Quick Summary
Dropsolid is hiring a full-time Infrastructure Engineer to build and run its multi-tenant Digital Experience Platform on Google Cloud. Working fully remotely within the European Economic Area, you will manage infrastructure-as-code using Ansible, maintain and patch the Linux fleet, handle production incidents during office hours, and improve observability. The role requires at least 4 years of experience operating Linux in production (Debian/Ubuntu), strong Ansible skills, and solid networking and security fundamentals.
Dropsolid runs a multi-tenant Digital Experience Platform on Google Cloud — a PaaS that hosts and operates web projects for our clients. The platform team builds and runs the infrastructure that everything else depends on. We're hiring an Infrastructure Engineer to join that team.
What you'll be doing
- Own infrastructure-as-code. Extend and refactor a sizeable Ansible codebase that provisions our fleet end-to-end, from GCP network and instance provisioning down to per-service configuration on each host.
- Keep the fleet patched and hardened. OS, packages, and dependencies get patched on a rhythm you help define.
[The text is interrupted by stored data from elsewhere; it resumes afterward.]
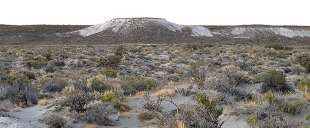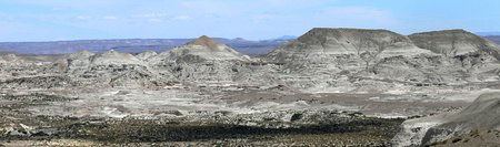 | Paisaje de las barrancas blancas. Nótese la poca vegetación. | View of the white hillsides. Note the scant vegetation in the foreground. |
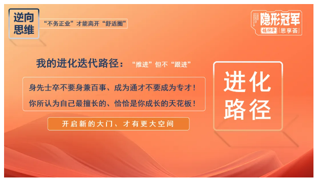 而這樣的“不務(wù)正業(yè)”讓他能夠有更大空間,思考新的企業(yè)成長路徑,推動企業(yè)脫離“舒適圈”,讓下屬有更多的發(fā)展空間,并在一次次的挑戰(zhàn)中獲得新的突破和增長。
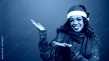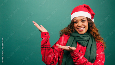 Beautiful young woman gestures palms to copy space, Santa hat studio
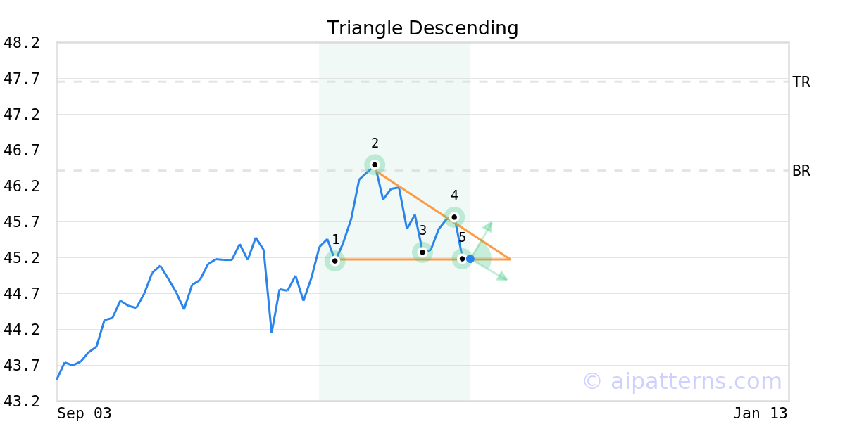 The Descending Triangle pattern is formed when the price of a security establishes a support level (1, 3, 5) and bounces off that level to a declining resistance level, creating a down-sloping top line (2, 4).

You run security audits and apply hardening across the fleet, and you push back when a quick fix is going to bite us in six months.
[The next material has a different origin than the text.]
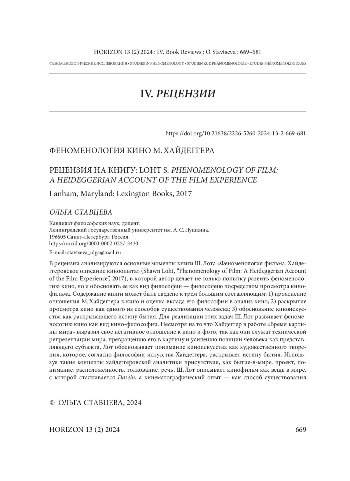 В рецензии анализируются основные моменты книги Ш. Лота «Феноменология фильма. Хайдеггеровское описание киноопыта» (Shawn Loht, “Phenomenology of Film: A Heideggerian Account of the Film Experience”, 2017), в которой автор делает не только попытку развить феноменологию кино, но и обосновать ее как вид философии - философию посредством просмотра кинофильма. Содержание книги может быть сведено к трем большим составляющим: 1) прояснение отношения М. Хайдеггера к кино и оценка вклада его философии в анализ кино; 2) раскрытие просмотра кино как одного из способов существования человека; 3) обоснование киноискусства как раскрывающего истину бытия. Для реализации этих задач Ш. Лот развивает феноменологию кино как вид кино-философии. Несмотря на то что Хайдеггер в работе «Время картины мира» выразил свое негативное отношение к кино и фото, так как они служат технической репрезентации мира, превращению его в картину и усилению позиций человека как представляющего субъекта, Лот обосновывает понимание киноискусства как художественного творения, которое, согласно философии искусства Хайдеггера, раскрывает истину бытия. Исполь- зуя такие концепты хайдеггеровской аналитики присутствия, как бытие-в-мире, проект, понимание, расположенность, толкование, речь, Ш. Лот описывает кинофильм как вещь в мире, с которой сталкивается Dasein, а кинематографический опыт - как способ существования человека. Феноменологию автор понимает как метод, акцентирующий внимание на явлениях в том виде, как их переживает человек. Лот делает вывод, что кинофильмы фундаментально феноменологичны. Предмет феноменологии кино - пространство между зрителем и экраном, открытие и понимание, которые производит зритель. Феноменология кино - феноменология присутствия кинозрителя. На стержневой вопрос «Можно ли философствовать с помощью кино?» Лот отвечает утвердительно, но это философствование будет феноменологией. Зритель философствует, просматривая фильм, что основывается на самопонимании присутствия, философские размышления зрителя вызваны фильмом

- Operate production. Investigate incidents, tune the web/database/cache stack for performance, roll out fixes. You're first responder for infra alerts during office hours. Out-of-hours, weekends, and nights are covered by our 24/7 partner — we don't expect you to work odd hours.
- Run incidents properly. Lead the response, write the post-mortem, and follow through on the underlying cause so we don't see the same ticket twice. Keep the runbooks current so the 24/7 partner can act on them without needing to wake you up.
- Ship across layers. Platform features cross infrastructure, application config, and the Ansible playbooks that tie them together. You're comfortable working across those boundaries.
- Improve observability. Build dashboards, queries, and alerts on our Grafana / Loki / Prometheus stack so we hear about problems before our clients do. Track uptime, resource usage, and the recurring noise that usually points to a real underlying problem.
- Make the platform safer and faster. Traffic shielding, WAF rules, capacity tuning, network hardening — you have opinions and the autonomy to act on them.
- Be there for go-lives. Hands-on during client launches, not just on standby.
We're looking for
- 4+ years operating Linux in production (Debian/Ubuntu family). You've debugged a real outage at 2am and you know what to grep for. Comfortable across the web stack layers: reverse proxy, application server, database, cache.
- Strong infrastructure-as-code discipline, Ansible preferred. Not "I've written a playbook" but "I've designed role hierarchies others can build on, and I know when not to reach for automation."
- Networking fundamentals you can reason from first principles: VPCs, subnets, CIDR, DNS, TLS, reverse proxies.
- A working sense of production security — patch latency, attack surface, what a misconfigured WAF rule actually does when traffic hits it.
- An observability mindset. You reach for metrics and logs before SSH.
- Plain language communication. We document what we learn and expect engineers to update docs when the system changes.
Nice to have
- GCP experience or certification (Associate Cloud Engineer / Professional Cloud Architect). Our platform runs on GCP, and fluent operators are force multipliers.
- Working knowledge of PHP/Drupal or Python — our application tier is Drupal/PHP with a Python worker layer, so being able to read and patch either is a real plus.
- Experience operating PHP / Drupal hosting at scale (PHP-FPM tuning, Varnish, MySQL ops).
- Message queue operational experience (RabbitMQ or comparable AMQP broker).
- Secrets management (Hashicorp Vault or equivalent).
- A real opinion about CI/CD pipeline design.
How we work
- Small, senior, autonomous team. We commit often, deploy often, document what we learn, and we expect engineers to investigate root causes rather than work around symptoms. We push back on bad patterns and welcome having ours pushed back on. AI-assisted workflows are a plus, never a substitute for engineering judgment.
- We don't do nightly pager duty. Out-of-hours coverage is handled by a 24/7 partner, so what you take on is what fits inside a normal working week.
Where you can work from
Fully remote within the European Economic Area. We can also hire from countries outside the EEA that have a current Adequacy Decision from the European Commission — if you're unsure whether yours qualifies, ask and we'll check.